*What you should do:* Take from the entries below the stretch from the line with "리버센 SK VIEW" through the line with "Implement made of", and return it exactly, leaving the pictures out.

───── Exercise inputs ─────

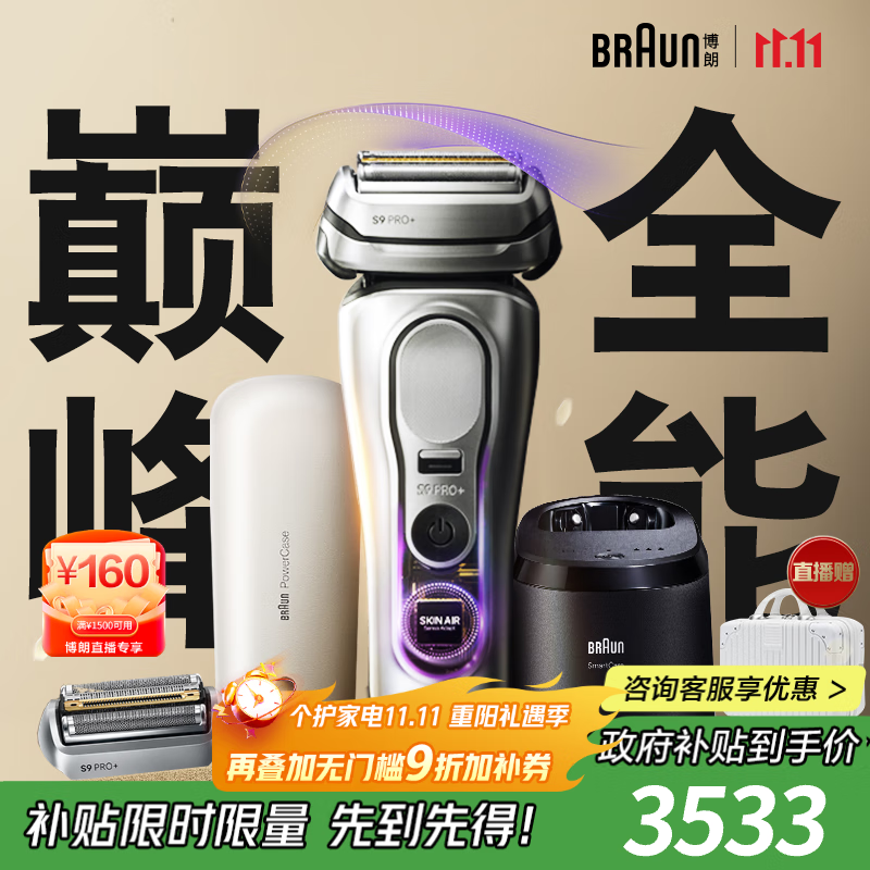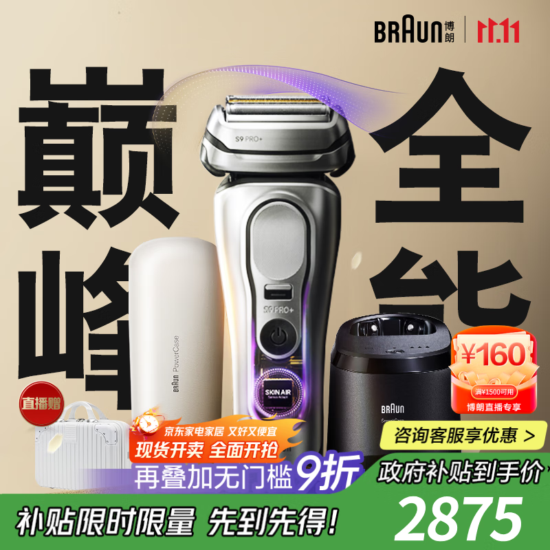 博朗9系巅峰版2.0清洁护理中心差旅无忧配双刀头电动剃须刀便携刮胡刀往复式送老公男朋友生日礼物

─────
───── Exercise inputs ─────

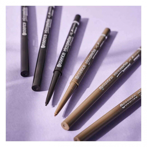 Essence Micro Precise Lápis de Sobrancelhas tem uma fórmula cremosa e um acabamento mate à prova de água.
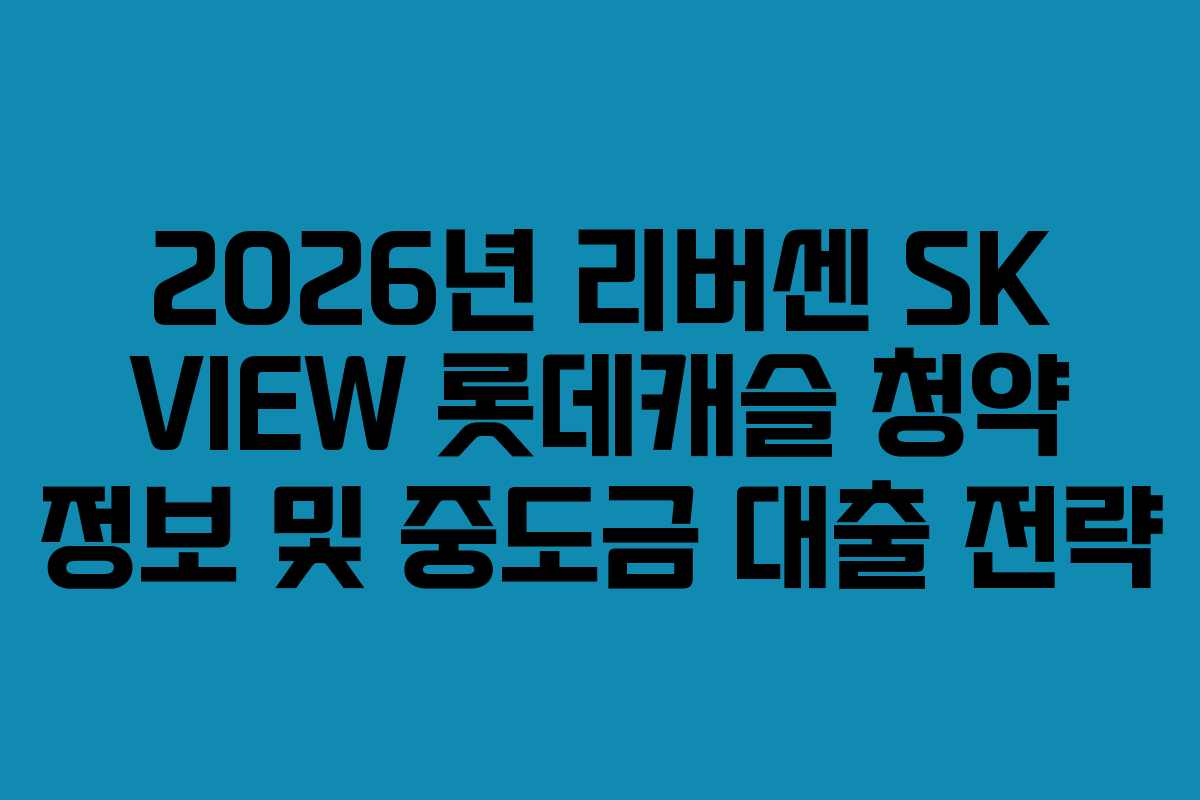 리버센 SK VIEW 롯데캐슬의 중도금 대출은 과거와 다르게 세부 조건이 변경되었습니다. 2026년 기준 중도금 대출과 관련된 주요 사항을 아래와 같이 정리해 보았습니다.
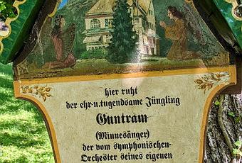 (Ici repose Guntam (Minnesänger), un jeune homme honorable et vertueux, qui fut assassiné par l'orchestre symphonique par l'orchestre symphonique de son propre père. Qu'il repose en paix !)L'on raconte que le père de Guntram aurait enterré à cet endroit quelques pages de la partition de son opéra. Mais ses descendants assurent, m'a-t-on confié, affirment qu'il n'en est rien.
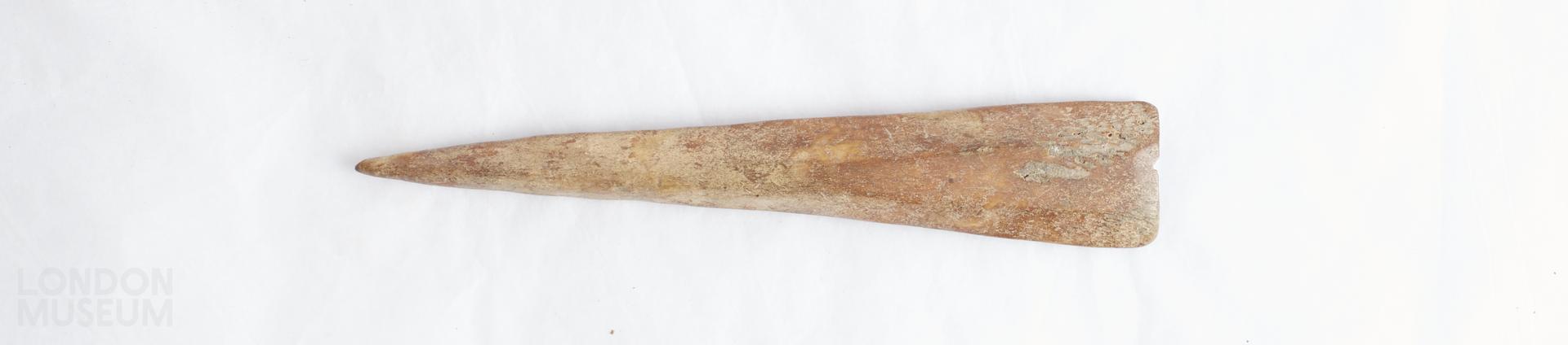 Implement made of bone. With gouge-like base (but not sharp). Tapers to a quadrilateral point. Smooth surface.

─────
───── Exercise inputs ─────

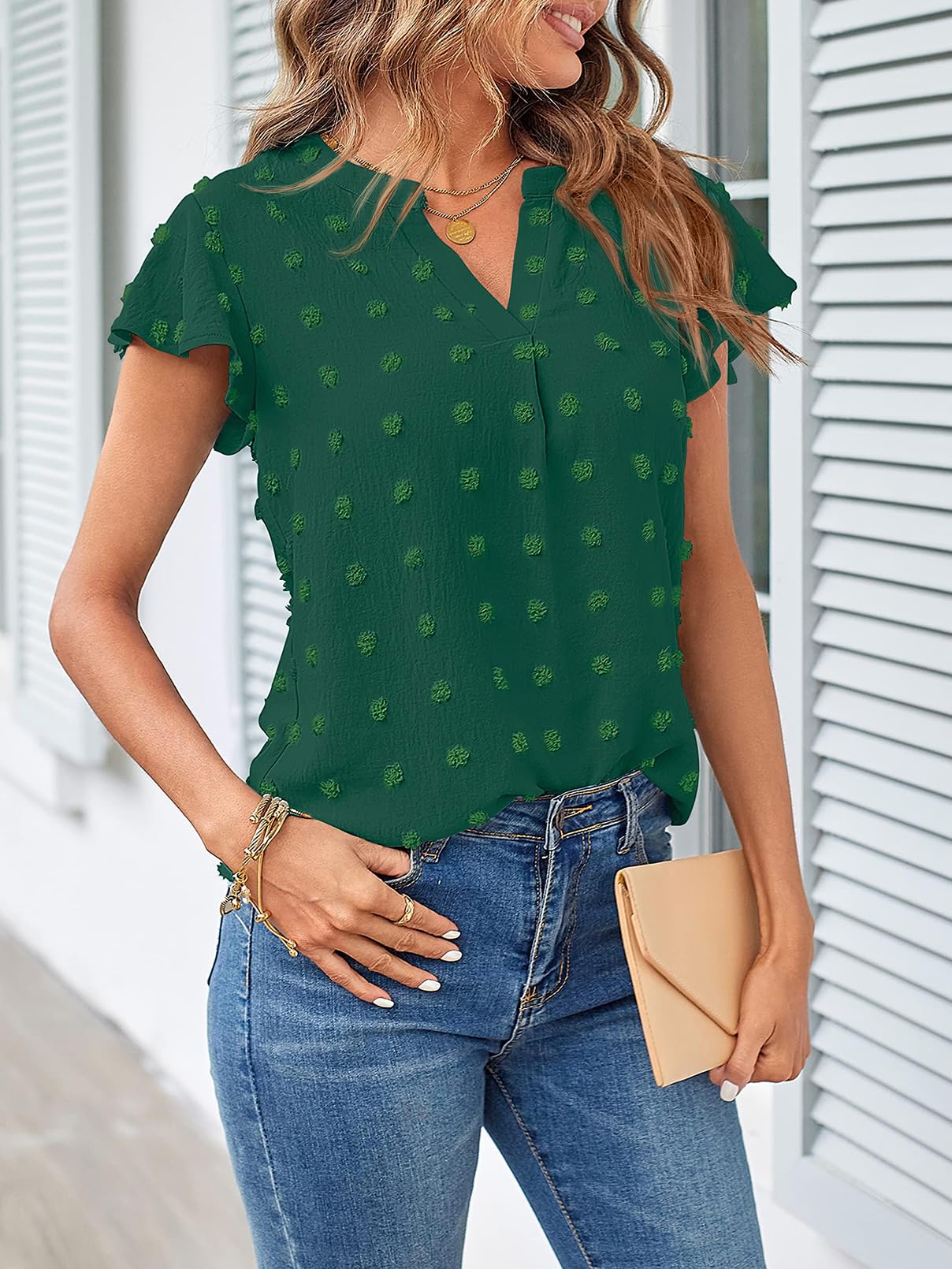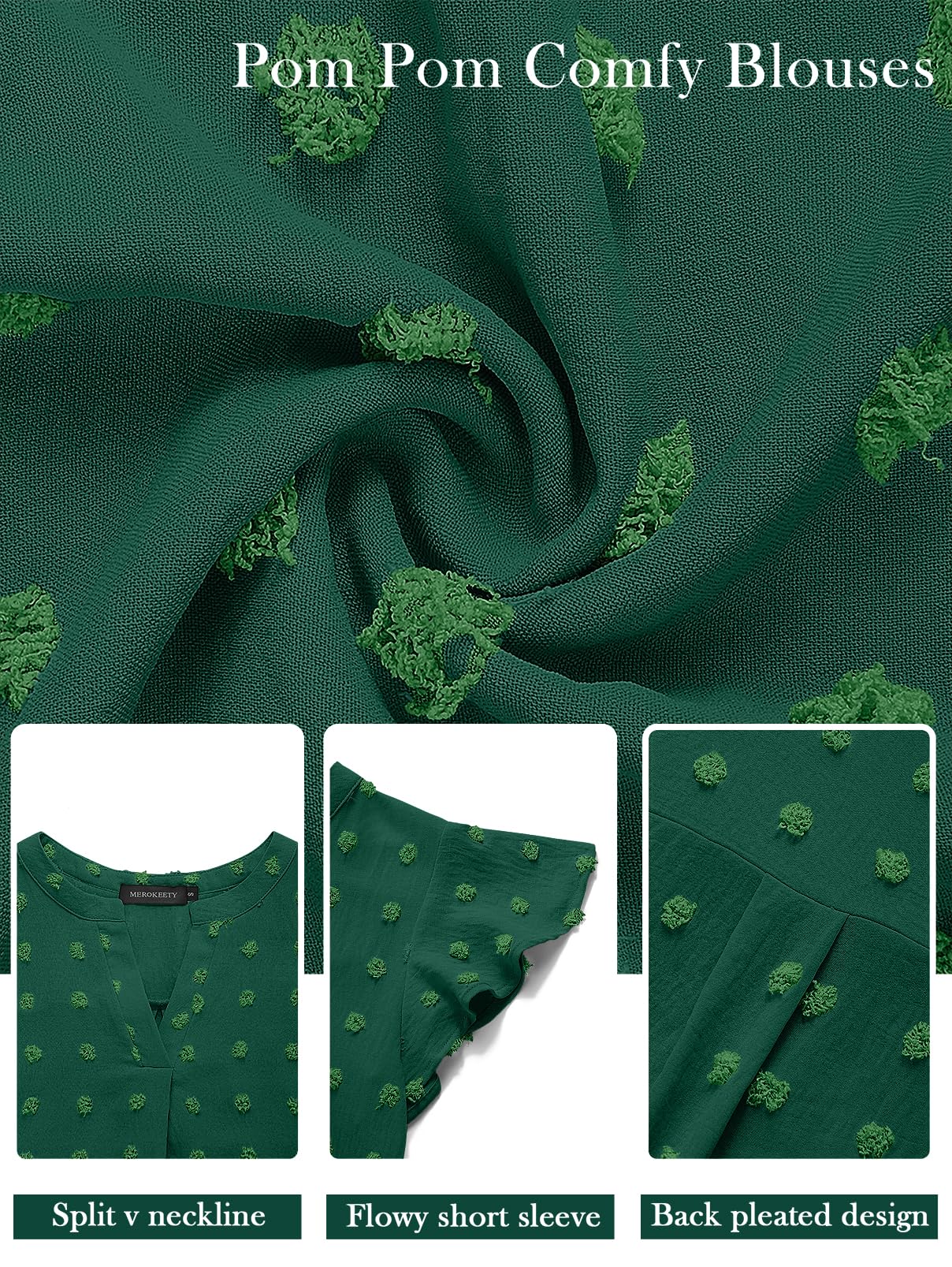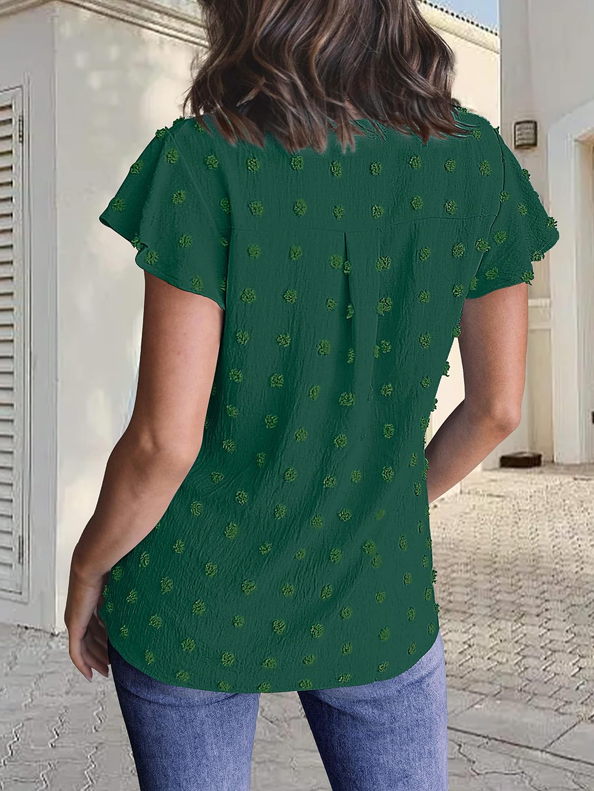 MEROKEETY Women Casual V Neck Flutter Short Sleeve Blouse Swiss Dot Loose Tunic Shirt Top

─────

*Answer section:*
 리버센 SK VIEW 롯데캐슬의 중도금 대출은 과거와 다르게 세부 조건이 변경되었습니다. 2026년 기준 중도금 대출과 관련된 주요 사항을 아래와 같이 정리해 보았습니다.
 (Ici repose Guntam (Minnesänger), un jeune homme honorable et vertueux, qui fut assassiné par l'orchestre symphonique par l'orchestre symphonique de son propre père. Qu'il repose en paix !)L'on raconte que le père de Guntram aurait enterré à cet endroit quelques pages de la partition de son opéra. Mais ses descendants assurent, m'a-t-on confié, affirment qu'il n'en est rien.
 Implement made of bone. With gouge-like base (but not sharp). Tapers to a quadrilateral point. Smooth surface.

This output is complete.